I bought my place with 10% down about 6 years ago. I now have about 25% equity. I was nervous at the time about not having 20% down, but I made sure I wasn't buying above what I could afford in terms of the monthly payment. Historically low interest rates, a housing glut, and an $8000 tax credit (which saves you an additional ~$10,000 in interest payments over the life of the loan at 6%) is pretty hard to pass up.

Guest's picture
kazari

Maybe you have some funds you haven't considered.

Anita Bell (an Australian finance writer) has some awesome instructions for finding emergency cash. Emergency, in that you could probably only do it once every 5 years, and it really strips your resources to the bone. But if you are determined that this is a once-off opportunity that won't come along again, maybe it's worth it.
I can't remember all her steps, but the biggest ones were:
- sell off your stuff, especially a big ticket item like a car.
- change jobs (if you think you'll get a decent leave payout).
- Look at your super (sorry, retirement funds for you americans).

It's not going to get you the whole deposit, but it could pull you across the line if you're close.

Guest's picture
Andrew

Listen to the little voice and wait until you have the money. It may be better to pay a bit more in the long run knowing you're financially sound, than throwing all in now with the risk of an emergency taking you and your dream out.

Do you know how much it would take to cripple your finances if something happens after you do this? Do you know how long you'll be financially vulnerable while you recoup your emergency fund?

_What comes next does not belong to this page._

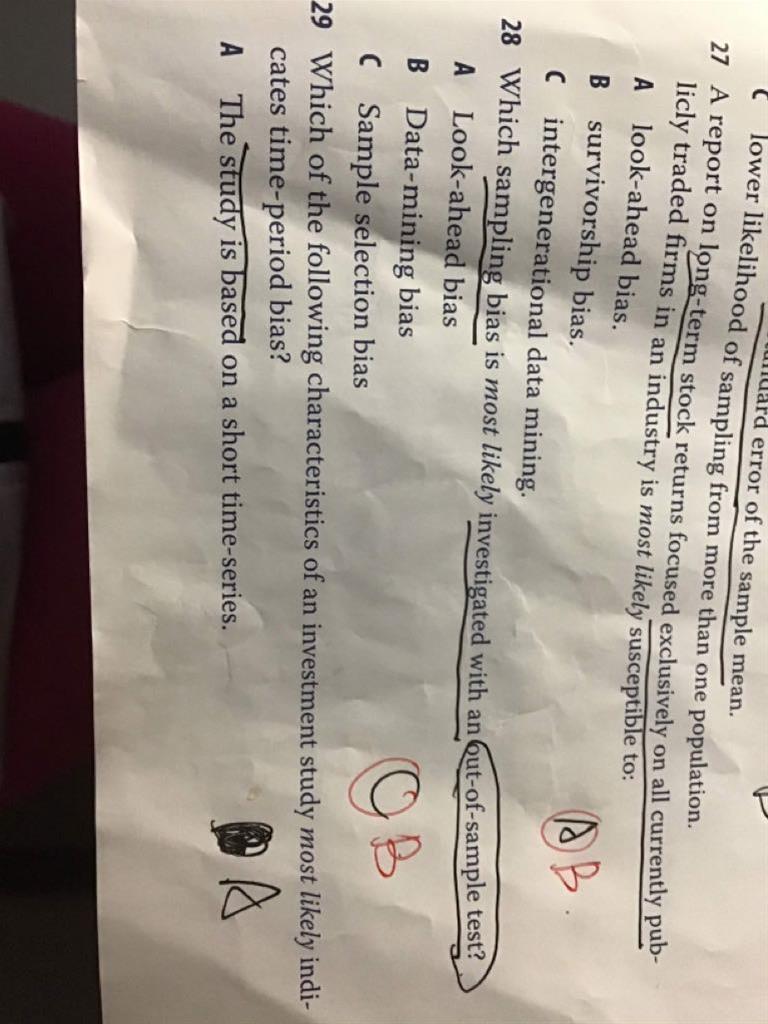 查看试题 已回答老师你好,reading 36, 第二题,我在讲义上找到operational due dilligence分成 firm, suitability of investment tool 和 evaluation of invetsment terms. 所以我选择了A。 在manager 的定性评估里面提到了四点,包括investment philosophy , investment personnel,investment decision making process和operational due dilligence。 答案选择C,答案的来源是哪里呢? 我总要在原版书上找到相应的出处啊。 他题目中问的是investment due delligence,但原版书上没有invest due dilligence这个名字啊,只有operational due dilligence。

What about the house itself? Have you accounted for all of the additional expenses? Insurance, taxes, neighborhood associations, utility hookups, transportation, schooling costs, etc...

And have you thought about all the things that may need fixing right away? Older homes (even just a few years) are notorious for having at least one money-sink problem, and they way your agent is pushing, he/she may not be entirely forthcoming for fear of losing a sale.

What about your blog? How would your readership react if you break one of the cardinal rules of personal finance, and then get hit with a financially crippling emergency?

It's your choice, but from personal experience I can tell you throwing every last dime you have at something, even if it's your dream, is just inviting disaster. There are far too many ways to lose everything. You need know you've got something to rely on just in case, not hope everything will be fine until you're ready to handle it. Don't let emotions be an excuse to do something you know is foolhardy. Listen to the little voice.

Guest's picture
Tyberius Casteneta

I say buy it!

There are thousands of people out there who live well beyond their means.

We live in a country today that is on the consumers side.

We as consumers can spend beyond our means without fear of losing our quality of life when the bill comes.

We can depend on the "rich" to pay for our short-comings.

I'm glad I voted for hope and change.

Obama Bless America!

Guest's picture
Tyberius Casteneta

Did I say thousands, I mean millions.

Guest's picture
a

That yearning for a home has such a strong pull! I was with you (mostly) until you said you would be using up your emergency fund. Yikes! Having a house IS an emergency! (I'm NOT kidding.) You never know what is going to go wrong next. There's a reason they're called money pits.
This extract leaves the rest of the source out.